Это не значило, впрочем, что Пушкин за это время как- то совсем ушел от литературы. Он находил время интересоваться даже стихами своего «почти однофамильца», крестьянского поэта Слепушкина, которому Академия присудила награды. Кстати — и император с императрицей пожаловали его подарками. По поводу этого чествования он шутливо Плетневу писал: «Что это в самом деле? Стыдное дело. „Сле- Пушкину“ дают и кафтаны, и часы, и полумедаль, а Пушкину полному шиш. Так и быть: отказываюсь от фрака, штанов и даже от академического четвертака (что мне следует); но крайней мере, пускай позволят мне бросить проклятое Михайловское».
Да, Пушкин уже насиделся в деревне, и хотелось ему не только свободы передвижения, но и простора для высказывания накопившихся мыслей о литературе как раз для критики, для журнальных стычек.

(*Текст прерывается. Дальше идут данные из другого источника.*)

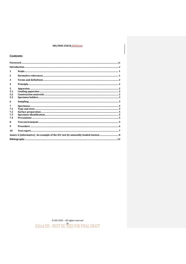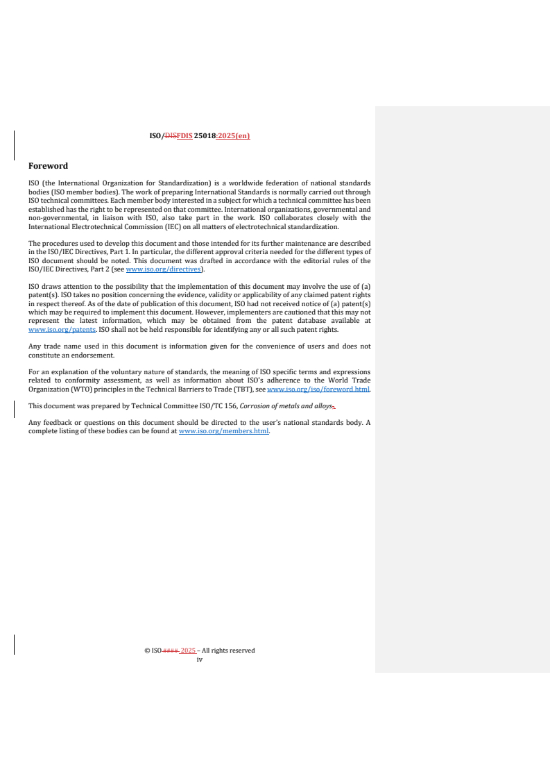REDLINE ISO/FDIS 25018 - Corrosion of metals and alloys — Determination of resistance to stress corrosion cracking of copper and copper-zinc alloys in ammonia vapour Released:10/10/2025
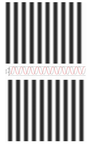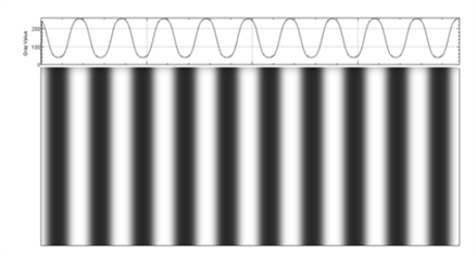相移方法利用一組灰度圖像,其像素強(qiáng)度由正弦波模式定義,如圖2所示。通常,使用三個(gè)(或可能更多)圖像之間具有已知相移的圖像。將相移后的圖案順序投影到對象上,然后在進(jìn)行相位展開操作之后,將所得的差異圖像與參考平面進(jìn)行比較,以提取原始對象的表面特征。

Еще в феврале писал он Катенину о задуманном им альманахе: «Вместо альманаха не затеять ли нам журнала… Голос истинной критики необходим у нас…» И выговаривал Вяземскому: «Жаль мне, что с Катениным ты никак не ладишь. А для журнала — он находка». Эти мечты о журнале не оставляли его.

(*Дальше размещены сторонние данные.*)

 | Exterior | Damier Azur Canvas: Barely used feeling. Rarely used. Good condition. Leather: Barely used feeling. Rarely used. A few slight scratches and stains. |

Он уже знал о болезни Карамзина. «Карамзин болен! — писал он Плетневу. — Милый мой, это хуже многого. Ради бога, успокой меня, не то мне страшно вдвое будет распечатывать газеты». И позже Вяземскому: «Грустно мне, что не прощусь с Карамзиными. Бог знает, свидимся ли когда-нибудь». Карамзин все готовился к отъезду, но так и не успел уехать. Пушкин не видел его с самого своего отъезда из Петербурга на юг. Он помнил, чем был обязан Карамзину. Работая над «Борисом», он научился в полную меру ценить его «Историю Государства Российского». Петру Андреевичу Вяземскому, на сестре которого Карамзин был женат, Пушкин писал уже после смерти историка:
«Читая в журналах статьи о смерти Карамзина, бешусь. Как они холодны, глупы и низки. Неужто ни одна русская душа не принесет достойной дани его памяти? Отечество вправе от тебя того требовать. Напиши нам его жизнь, это будет 13-й том Русской Истории; Карамзин принадлежит Истории».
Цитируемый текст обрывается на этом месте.